The Gist: (1) Returns on capital (ROC) in excess of the cost of capital show that the Tech sector is overvalued and Energy undervalued. It also implies the S&P 500 could drop to 4,700 should this persist.
(2) Big Oil rewards returns on capital with shareholder-friendly incentives, while Big Tech lacks such alignment, with many incentives unrelated to financial performance.
(3) ROC is now relevant for Big Tech as the industry has grown more capital-intensive. Shareholders dislike capex on lower-return projects that diminish overall shareholder returns. ie XOM & MSFT.
(4) O&G Market Cap as a % of GDP points to real returns of 9-10% per annum for the next decade, beating the S&P 500, in my view.
What's up everyone. Rob here with the Crude Chronicles. Happy New Year. I got an awesome piece today!
Let's jump right in!
Every year, Professor Damodaran of NYU (HERE) does a massive data dump on over 8,000 companies. What I do is true up all that data to the 11 S&P sector levels.

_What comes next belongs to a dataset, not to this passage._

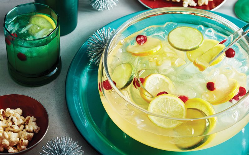 Give your guests this sweet honey and zesty ginger holiday punch as soon as they enter the party. It’s a warming and fragrant holiday season sipper, made refreshing with thirst-quenching lemonade, ice-cold citrus slices and an effervescent hit of de-alcoholized wine, which can be substituted with sparkling wine if you prefer an adults-only version.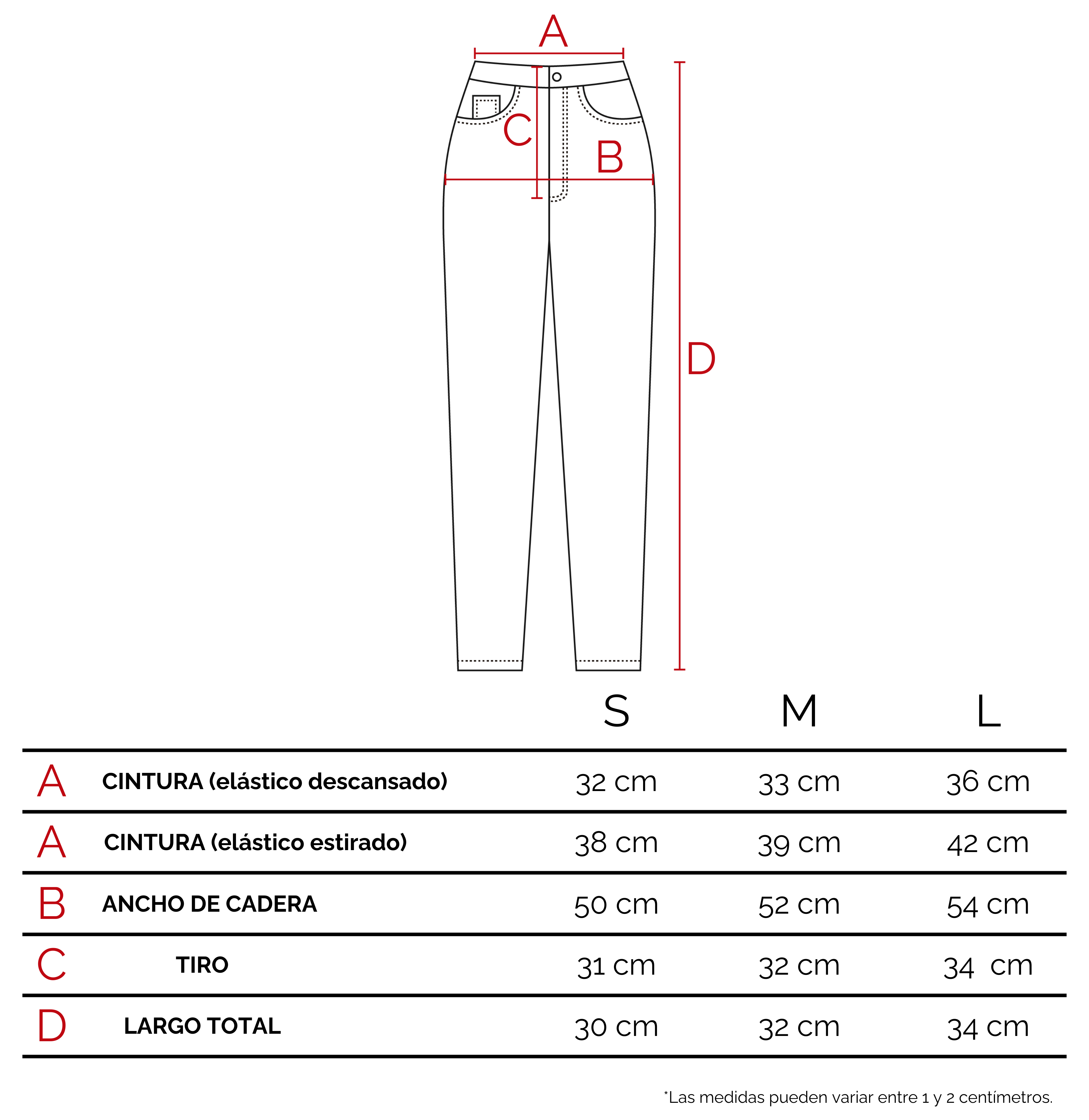 Te recomendamos que agarres una prenda tuya, de características similares a éste producto. Extendela sobre una superficie plana, y con un centímetro tomá las medidas sobre los puntos como lo indicamos en el dibujo. De esta manera vas a poder tener una referencia del tamaño de la prenda.

What we find here is that tech is vastly overvalued and energy is vastly undervalued. If this persists, the S&P 500 could drop to as low as 4,700.
The market could possibly be in the process of doing that as we speak with the weak performance in the market since December.
The scatter plot on the left shows on the X axis, we have shareholder value add, which is returns on capital minus the cost of capital.
That drives the Y-axis of valuations or EV to invested capital.
If a sector is able to earn more on their capital base than what it costs that sector will get a higher multiple because they are creating value.
And vice versa
It has a good R-squared of about 0.70x. Energy is way below the trend line, and tech is above it.
I'm not saying tech doesn't create value. I'm saying the multiples they are assigned are significantly higher than fundamentals suggest, and on the right chart, we see the effect it is having on the market as a whole.
However, there is a wide gap between the two, and this irrational exuberance could imply the S&P 500 falls to 4,700 if valuations fall back to fundamentals.
How has this happened?
Simply examine the incentive structures that have been in place for this to occur.
The point I make in this next slide is that big oil has a much more shareholder-friendly compensation structure than big tech.